■ DIRECTIONS
Would you reproduce exactly the lines below from the one holding "Ngày 30/6, tại" through the one holding "his stunning necklace", inclusive, and no others?

■ DATA RECORDS
Start of Block
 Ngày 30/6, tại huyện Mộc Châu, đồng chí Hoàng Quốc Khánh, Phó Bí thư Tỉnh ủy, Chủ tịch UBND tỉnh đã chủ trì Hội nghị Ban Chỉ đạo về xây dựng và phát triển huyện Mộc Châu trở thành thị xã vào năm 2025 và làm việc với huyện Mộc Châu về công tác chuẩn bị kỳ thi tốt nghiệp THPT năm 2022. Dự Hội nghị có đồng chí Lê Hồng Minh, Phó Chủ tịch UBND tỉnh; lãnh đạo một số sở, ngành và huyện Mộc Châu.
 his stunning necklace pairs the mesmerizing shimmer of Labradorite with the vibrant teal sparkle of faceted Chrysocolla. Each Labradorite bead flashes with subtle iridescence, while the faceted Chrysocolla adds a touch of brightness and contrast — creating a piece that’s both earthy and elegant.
End of Block
Start of Block
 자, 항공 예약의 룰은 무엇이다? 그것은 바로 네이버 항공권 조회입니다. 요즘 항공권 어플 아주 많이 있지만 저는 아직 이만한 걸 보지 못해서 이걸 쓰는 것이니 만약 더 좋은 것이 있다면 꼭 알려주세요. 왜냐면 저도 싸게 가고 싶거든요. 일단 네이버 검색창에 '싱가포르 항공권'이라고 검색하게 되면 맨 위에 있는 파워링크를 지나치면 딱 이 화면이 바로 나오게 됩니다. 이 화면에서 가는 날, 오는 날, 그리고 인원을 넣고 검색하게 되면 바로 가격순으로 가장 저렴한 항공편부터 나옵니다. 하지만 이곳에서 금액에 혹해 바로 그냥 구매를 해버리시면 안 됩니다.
End of Block
Start of Block
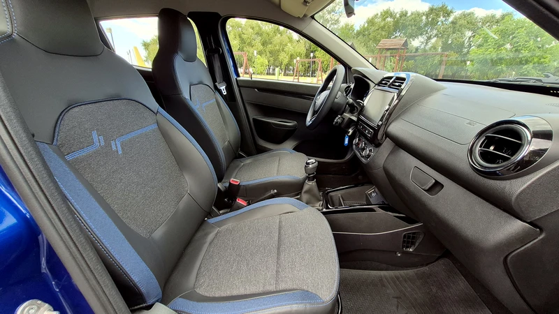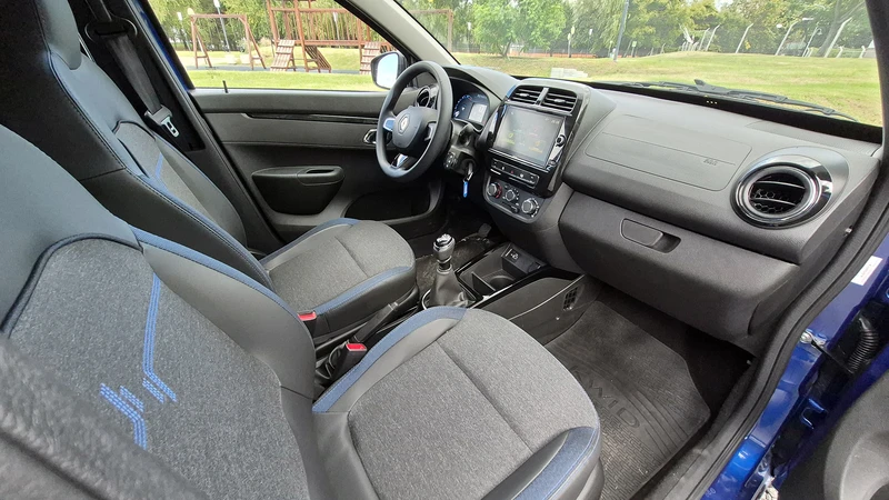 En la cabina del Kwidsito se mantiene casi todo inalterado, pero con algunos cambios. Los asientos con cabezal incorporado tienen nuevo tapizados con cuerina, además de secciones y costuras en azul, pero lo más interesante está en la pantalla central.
End of Block
■ ANSWER BELOW
 Ngày 30/6, tại huyện Mộc Châu, đồng chí Hoàng Quốc Khánh, Phó Bí thư Tỉnh ủy, Chủ tịch UBND tỉnh đã chủ trì Hội nghị Ban Chỉ đạo về xây dựng và phát triển huyện Mộc Châu trở thành thị xã vào năm 2025 và làm việc với huyện Mộc Châu về công tác chuẩn bị kỳ thi tốt nghiệp THPT năm 2022. Dự Hội nghị có đồng chí Lê Hồng Minh, Phó Chủ tịch UBND tỉnh; lãnh đạo một số sở, ngành và huyện Mộc Châu.
 his stunning necklace pairs the mesmerizing shimmer of Labradorite with the vibrant teal sparkle of faceted Chrysocolla. Each Labradorite bead flashes with subtle iridescence, while the faceted Chrysocolla adds a touch of brightness and contrast — creating a piece that’s both earthy and elegant.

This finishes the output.